From the cemetery ascending a little farther, the sight was gladdened on every side by the vine and fruit-planted terraces that wreathed the hills far and near with beauty, while over the walls and amid the trellaces of nearer gardens, were blooming flowers, that made the air redolent of their thousand reviving sweets. We wound around the hill, as it were upon galleries of the city, and came to the rear of the celebrated Santa Clara Convent, which, with the convent of the Encarnercion, near the Church of the Virgin, are the only ones on the island now inhabited by

nuns.

The author of Ship and Shore, has wrapped a storied interest about the Santa Clara Convent, and touched it with the glowing tints of romance, by his account of the pretty nun Clementina Maria, of whom he says, "the veil may never shadow a sweeter countenance, nor convent wall imprison a purer heart." But, however interesting the poetry of Clementina's history may have been, if the many-tongued scandal of the place be true, the sequel should be shaded by a deeper gloom than the black veil of her now irrevocable vow.

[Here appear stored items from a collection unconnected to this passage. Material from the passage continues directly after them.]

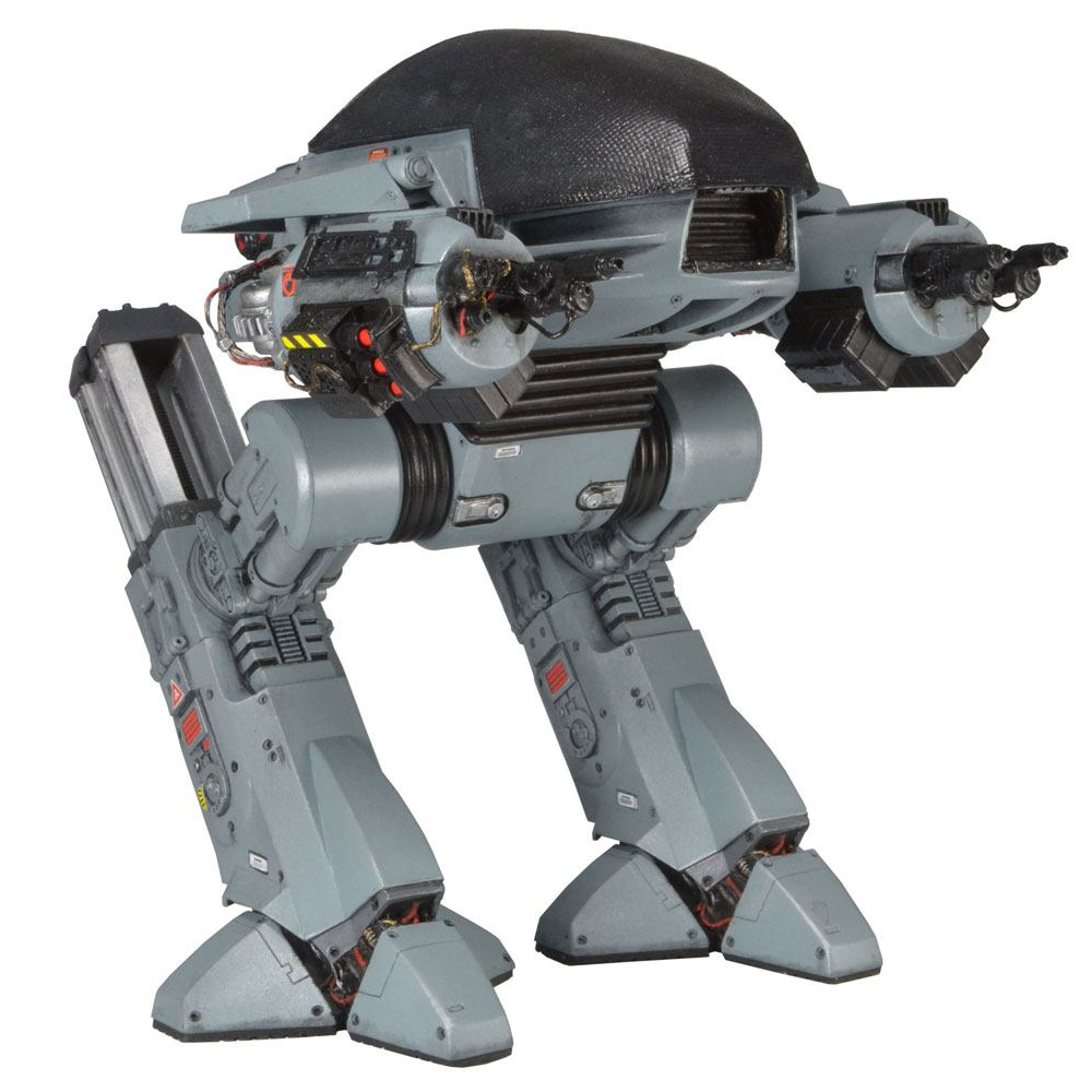 Deze ED-209 action figure uit Robocop kan op veel punten bewegen. Zijn hoofd, benen, armen en wapens kunnen bewegen en hij is met zijn 25cm hoogte een imposant figuur. Met een druk op de knop hoor je hydraulische geluiden en geluiden uit de film zoals "You have 15 seconds to comply" en meer.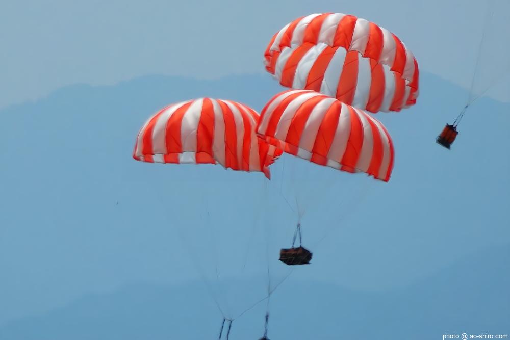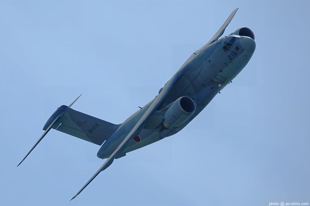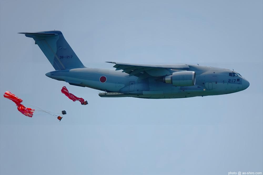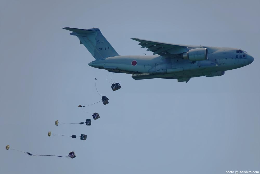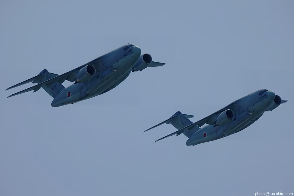 今回の航空祭の最大の目玉が、地元機のC-2輸送機 ” ブルーホエール ” の飛行展示。2機編隊で飛行したり、ランディング・ギアを降ろして航過・急上昇したり、貨物扉から救難物資を投下したりした。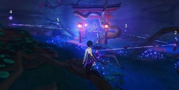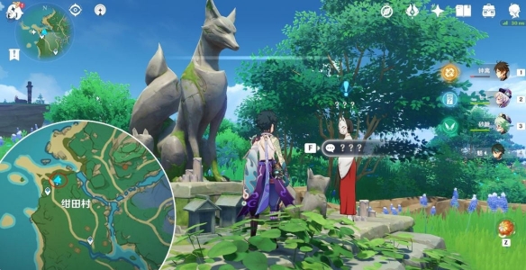 觸發點:傳送錨點到稻妻·紺田村上方附近的天狐像前,與???(面具怪)對話觸發。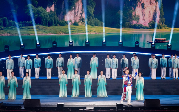 “水生万物,生出这烟火人间……”悠扬舒缓的歌声,与远处潺潺的江流、连绵的翠峦相映成画,谱写出最具宜昌风味的《水之韵》。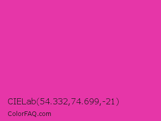 CIELab 54.332,74.699,-21 Color is a normal magenta color and the nearest color is Frostbite #e936a7. Hex code #e636a8 and RGB value is rgb(230,54,168). In RGB color space, this color is composed of 90% red, 21% green, 66% blue, In CMYK color space, this color is composed of 0% cyan, 77% magenta, 27% yellow , 10% black , In HSL color space, this color has a hue angle of 321° , 78% saturation and 56% lightness.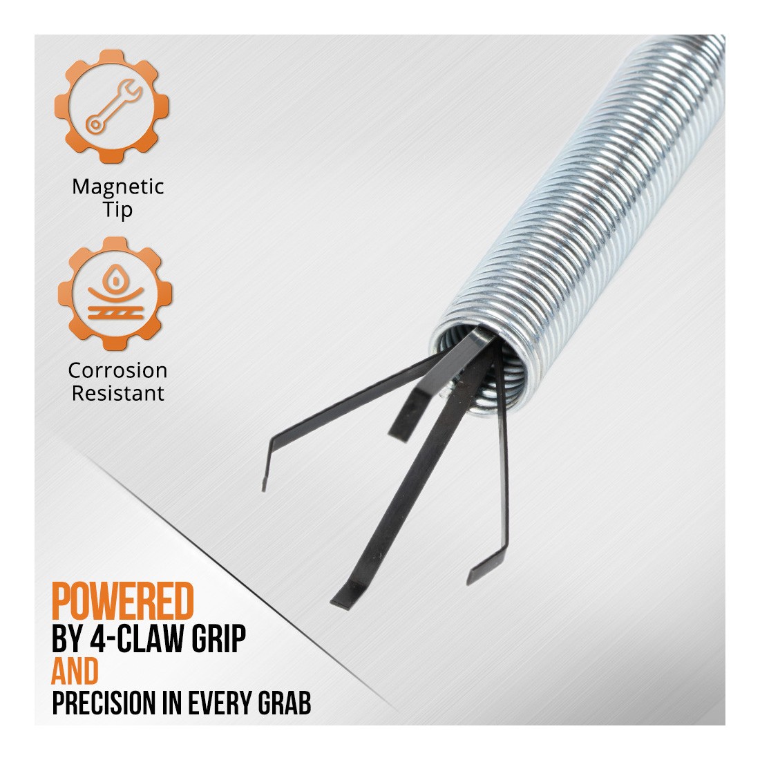 " flexibler Federkrallen-Greifer zum einfachen Greifen von Metallgegenständen.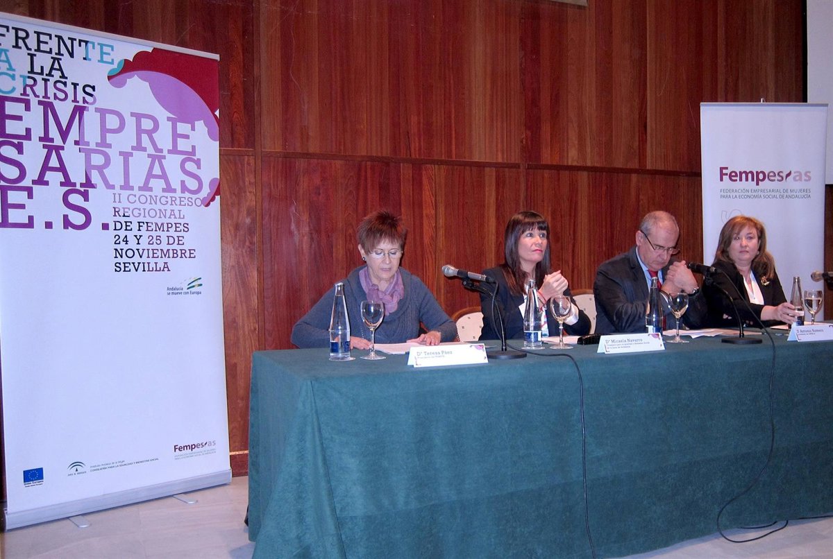 La titular de Igualdad y Bienestar Social ha inaugurado este jueves el II Congreso Regional de la Federación Empresarial de Mujeres para la Economía Social de Andalucía (Fempes) en Sevilla, en el que ha estado acompañada de la presidenta de Fempes, Teresa Páez, el presidente de la Confederación Empresas para la Economía Social de Andalucía (Cepes-A), Antonio Romero, y la directora del Instituto Andaluz de la Mujer (IAM), Soledad Pérez.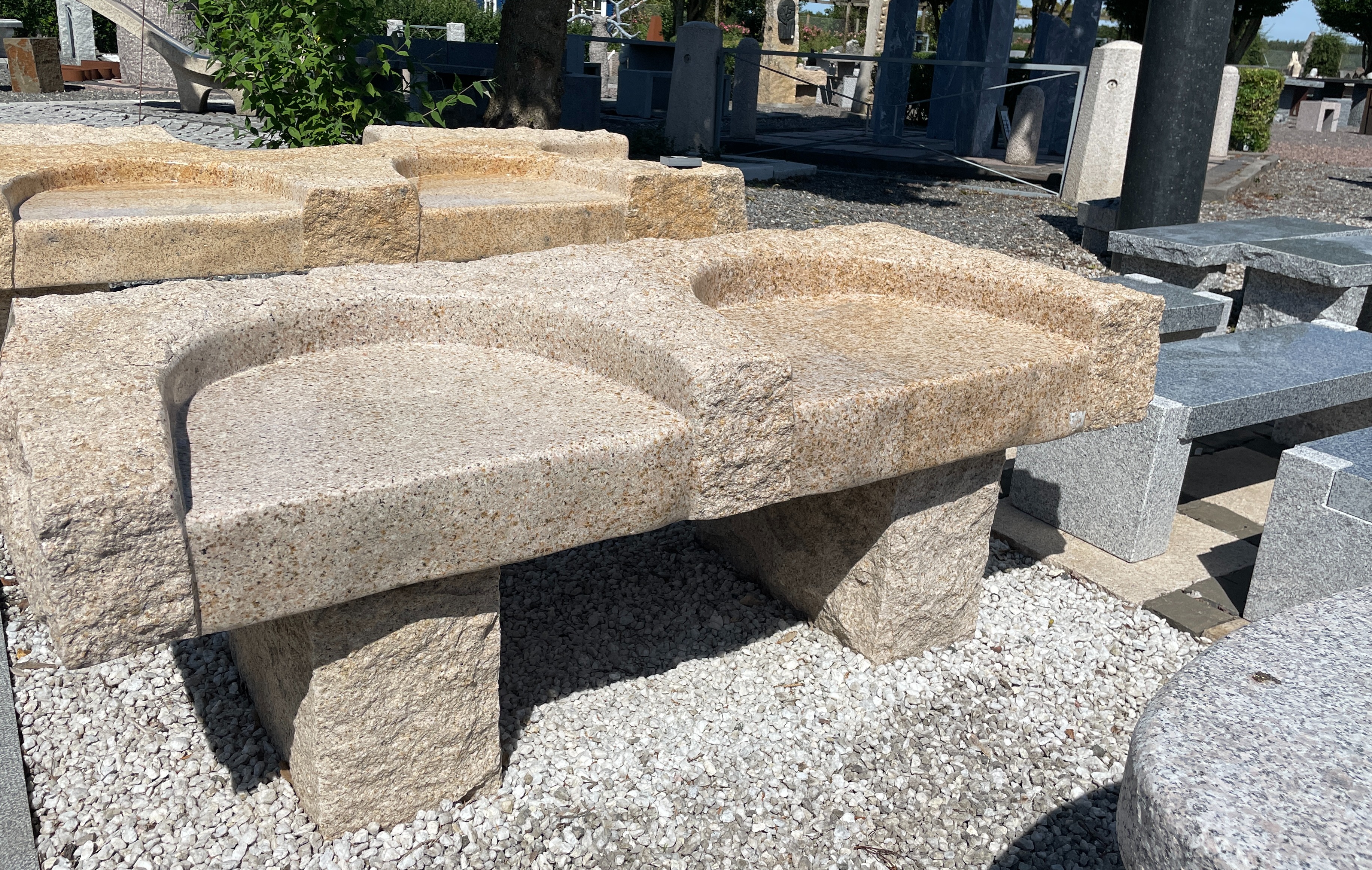 Gul granit parkbænk med to sæder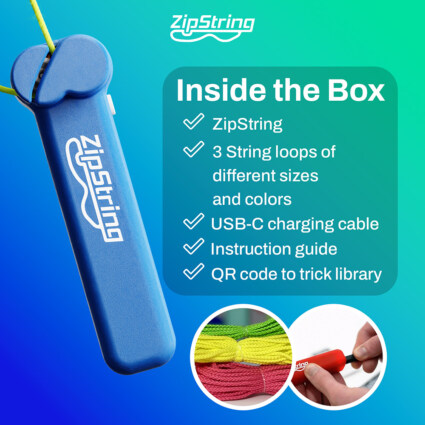 ZipString, den originale versjonen, gjør det mulig å utføre imponerende triks med en flyvende snor som svever ved hjelp av fart, luftmotstand og perfekt balanse. Enheten sender snoren av gårde i høy hastighet, og med tre forskjellige snorlengder i ulike farger kan barn og voksne prøve alt fra ferdiglagde triks til å finne opp egne. ZipString lades enkelt med USB og leveres klar for timesvis med utfordring og moro.

Our friend kindly led us into the court yard, and, being known to the abbess, obtained an entrance for us to the reception room. It was a neatly furnished parlour, from which the visiters might see and converse, through a large double grated window, with the fair devotees. A train of these soon appeared in their gloomy hoods and

frocks of black, and bearing each the beautiful feather flowers of her own handy work to vend.

They could speak only Portuguese, but they very affably aided our imperfect understanding of their tongue, and, by the eloquence of other features, we talked and smiled and jested together with ease and pleasure. We also bought their pretty flowers, and although the iron bars effectually intercepted any more tender advances, yet we dared presume by the arch leer of one or two, that they were not very misanthropic. However, if all were of my taste, those virgins generally would need no other barrier to protect their virtue than their own forms and faces; though, I must admit, that if compared only with the sallow, mole-marked brunettes of Funchal which I saw, there were two or three beautiful nuns.

There was one nun in particular, who was quite engaging. She had no Grecian cast of features, but her figure was symmetrical, her complexion unusually fair, and her countenance was enlivened by a sparkling eye, and the flitting hues of feeling. Indeed I felt half impelled to flirt with her. I even went so far at the first interview, as to obtain her prettiest flower, exchange names and glances with her, and propose to become a friar for her sake.

She blushed becomingly; but our friendly interview had evidently excited the jealousy of the rival flower-venders, and induced me to suspect that if the dear creatures had in fact voluntarily dammed up the outlet of the natural feelings within them, the fountains were still as full as ever, and little purified from the mire of passion.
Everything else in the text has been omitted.